Miami1839 01-14-2002 09:46 PM

Not all guys are bad apples and not all girls are either. I see it the way Amy does. Take charge and make that call. At least so you can get rid of that "what if" feeling. All things happen for a reason. Whether they are bad or good. If nothing good comes out of all this do what you can to learn from it. But remember not all guys are jerks. There is a nice guy out there for you. I just think all too often we are overlooked.

Peaches-n-Cream 01-14-2002 09:49 PM

Quote:

Originally posted by James
LOL, wouldn't it be ironic if we had each other's phone numbers moldering away in a shoe box? But that can't be possible, I would remember meeting a girl named Cream.

You are more than conventionally pretty eh? Well if that is a consensus, send me your number and I'll call you ;)


I remember meeting a guy named Jimmy at Turtle Bay, and he did call and take me out to dinner in Greenwich Village. We had a great time, at least I did. You know what happened next...NOTHING! He didn't call me. :(

James, I think/hope that it's a consensus. Will you really call me or just add my number to your growing collection? Ok, here goes another number for your shoe box. 718 274 on second thought I better not! ;)

deltaphi94 01-14-2002 10:45 PM

Quote:

Originally posted by DeltaBetaBaby
I met a guy last night who told me he would "e-mail me." What the hell does that mean???
I'm guessing... Don't hold your breath.... but that's a new one to me.

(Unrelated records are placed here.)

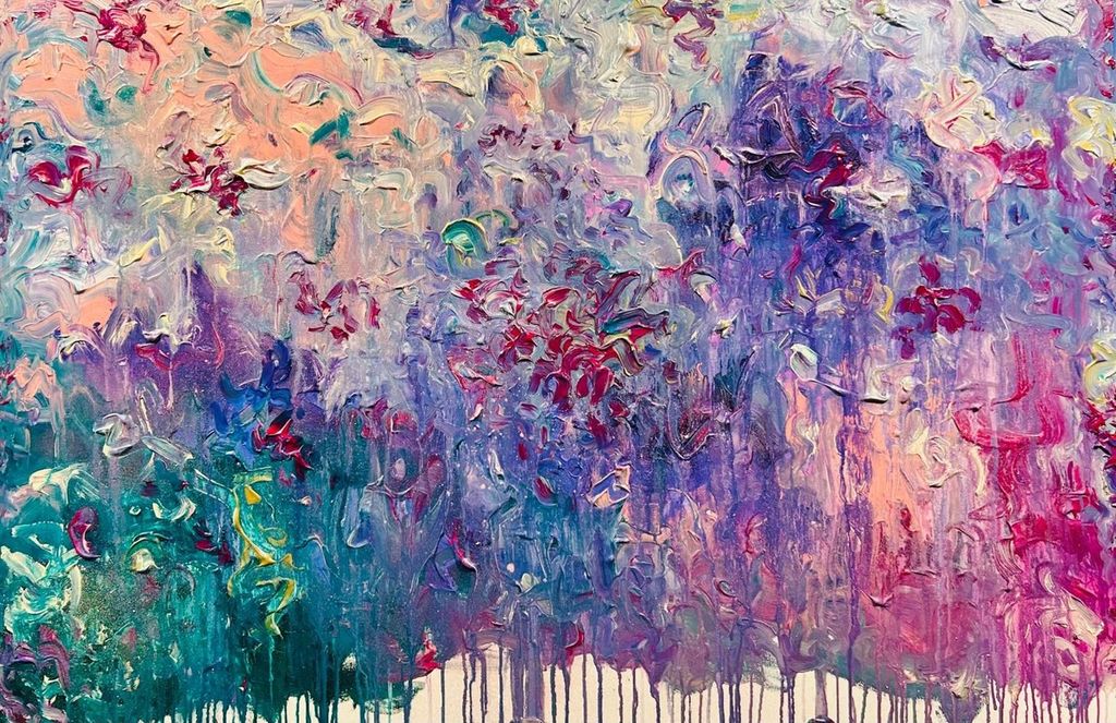 "Always in my mind: dream - breath - love" di Manuela Carnini "Fridami", è un'opera in acrilico su tela che esprime un fluire di emozioni attraverso un'esplosione di colore su una tela di dimensioni considerevoli.
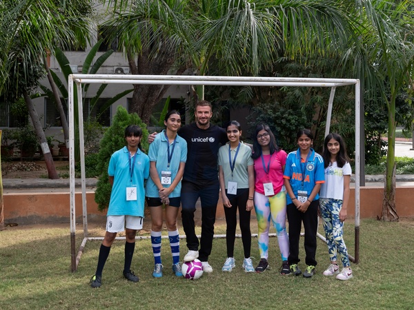 On 13 November 2023 in India, UNICEF Goodwill Ambassador David Beckham (in UNICEF T-shirt) poses with children after playing a friendly game of football at Gujarat University in Ahmedabad. During his visit to the University, Mr. Beckham also met youth innovators as well as women entrepreneurs participating in the herSTART programme, who presented their ideas and prototypes at the Vikram Sarabhai Children Innovation Centre (VSCIC) of the Gujarat University Start Up and Entrepreneurship Council (GUSEC). Mr. Beckham travelled to India this week to meet children and adolescents, including girls who are bringing about change and innovation in their communities, and young women who have overcome barriers to help close gender gaps. During his four-day visit, Beckham saw first-hand how UNICEF-supported programmes are making a difference for girls and women, in partnership with the Government of India. UNICEF and its local partner, Elixir, have collaboratively set up the ‘Gujarat Youth Forum' (GYF) to inspire young people to become change-makers. For the past two years, GYF has worked intensively with young people through various initiatives, programmes and campaigns. Adolescents and young people are one of UNICEF's key partners in achieving results and driving sustainable change. UNICEF is enhancing the capacities of governments, service providers and partners to engage with children and young people, and to create opportunities and platforms to ensure their meaningful participation in the decisions that affect their lives and their communities. © Anindita Mukherjee/UNICEF via Bestimage
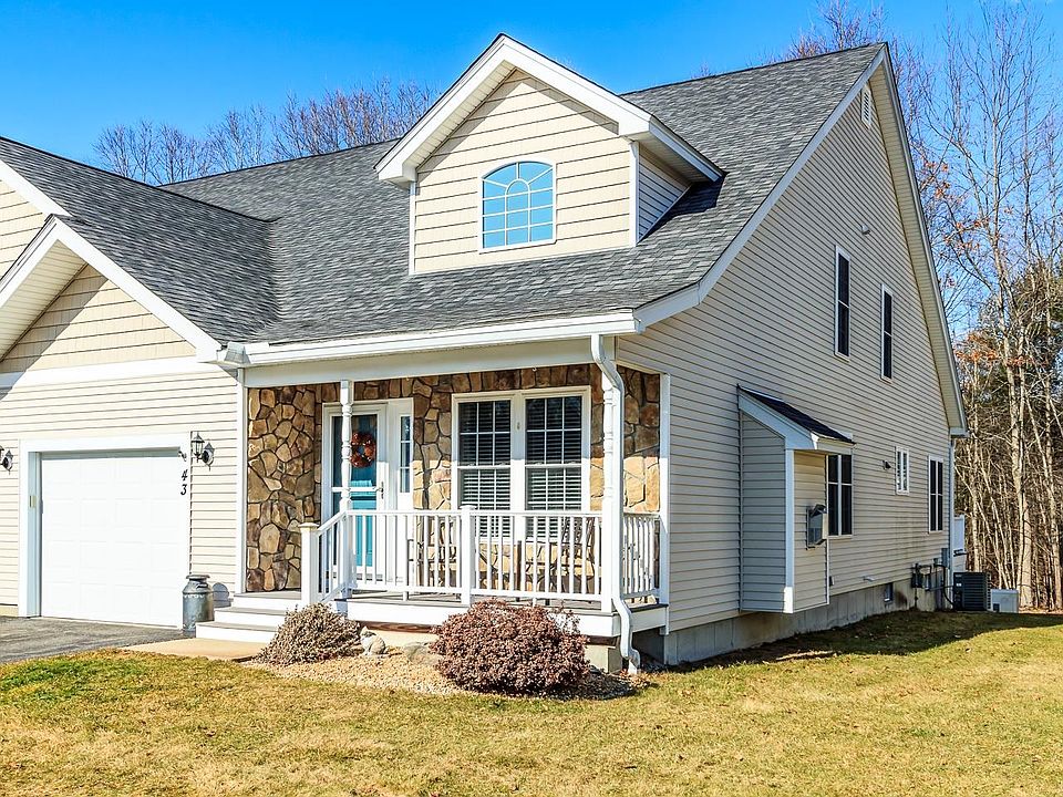 This thoughtfully designed and well-maintained condo located in the desirable 55+community of Blossom Court is ready for you to call home! The versatile layout includes many multi-purpose spaces for entertaining or relaxing and is large enough to accommodate your guests, extended family, caregiver AND hobbies. The first level features a comfortable living room with a high cathedral ceiling, hardwood floors and a cozy gas fireplace. Dining options include a formal dining space, a sunny breakfast area and a private back yard deck. The expansive kitchen with a butler’s pantry and stainless-steel appliances allows for tons of storage and meal prep space. The first-floor primary bedroom suite has several closets and a private ensuite with shower/bath and double vanity. The second floor hosts a generous 750 sf suite with a bedroom, 3/4 bathroom, HUGE finished bonus room/closet/storage (or 3rd bedroom), an office/loft area overlooking the family room, and attic storage. Ample storage space is available in the unfinished basement, garage, and attic areas. Enjoy nature from your back deck overlooking a private wooded backyard or relax on the front covered porch to greet neighbors or stroll through the woodland trails. Blossom Court offers a clubhouse for community and private events. The Litchfield area offers various recreation opportunities, including indoor/outdoor pickleball, bike trails, nature trails, kayaking & golf. Open House Sat. 2/24 from 11-1.
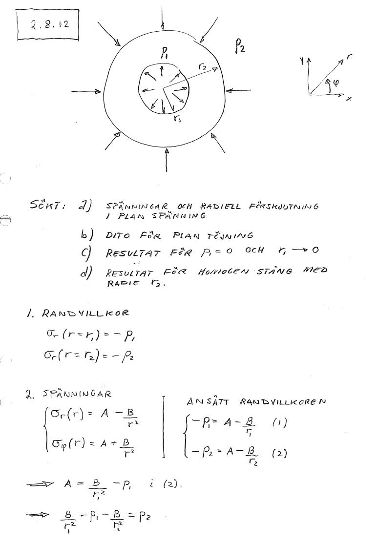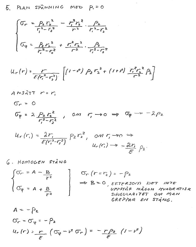 De vill alltså att man räknar ut alla spänningar (r-led, phi-led och z-led) och radiell förskjutning under två specialfall, plan spänning respektive plan töjning.
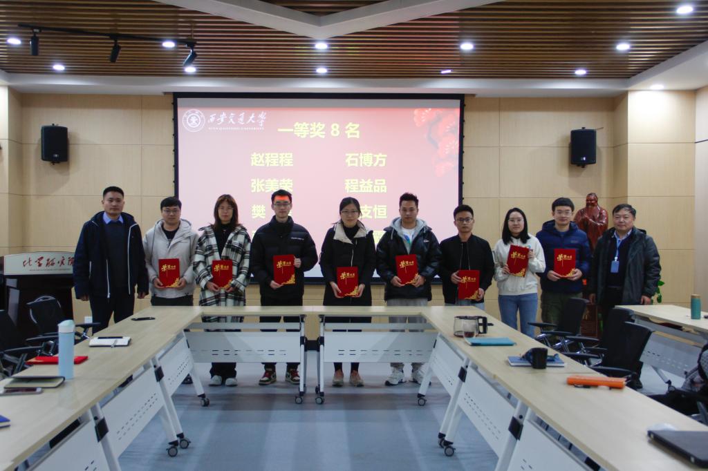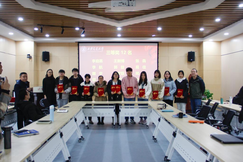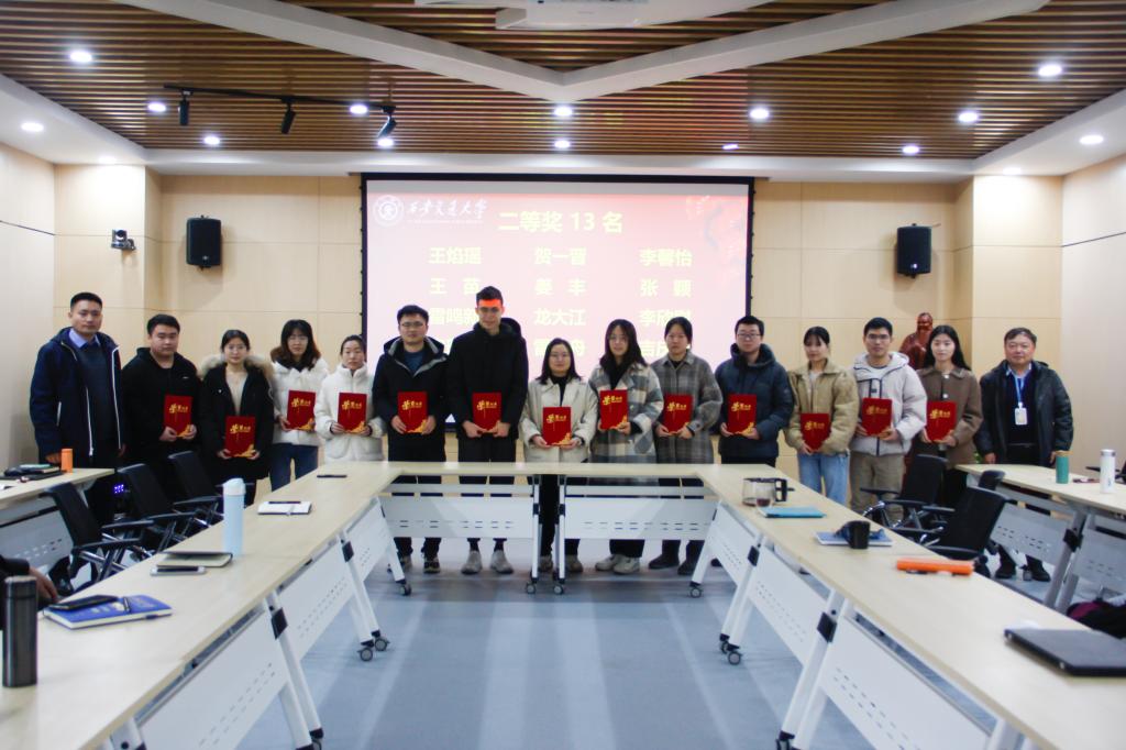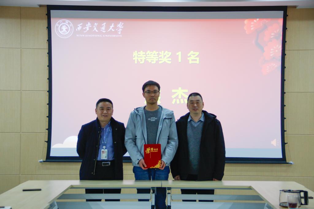 张志成书记和丁书江院长为获得特等奖的熊杰同学颁奖,熊杰同学发表获奖感言,对辛勤培育的导师表示崇高的敬意。他表示,今后要以更高的标准严格要求自己,将感恩作为对自己的激励和鞭策,以认真严谨的求学态度继续努力学习,坚持钻研和探索,取得更加优异的成绩,回报社会,成为为国家的建设和发展有用的人才,也鼓励课题组的同学们都能继续努力,共同进步。赵程程等8名同学获得一等奖,王熖瑶等13名同学获得二等奖,李启蒸等12名同学获得三等奖,学院领导及课题组老师为获奖学生颁奖并表示祝贺。

Optimist Prime 01-14-2002 10:54 PM

I told a girl I'll call her. I told her this tonight. I will call her. Um....I'm open to suggestions as to WHEN!

Peaches-n-Cream 01-15-2002 12:38 AM

Quote:

Originally posted by Optimist Prime
I told a girl I'll call her. I told her this tonight. I will call her. Um....I'm open to suggestions as to WHEN!
If you want to ask her out for a date on Friday night, call her on Tuesday or on Saturday night call before Wednesday. Have a plan in mind like dinner and a movie. If she's anything like me, she will appreciate you putting some thought into planning a date. Always give a woman three days notice before a date. It gives her time to prepare, and no woman wants to feel like she's a last minute choice because you had nothing better to do. Also, call a night before just to firm up plans.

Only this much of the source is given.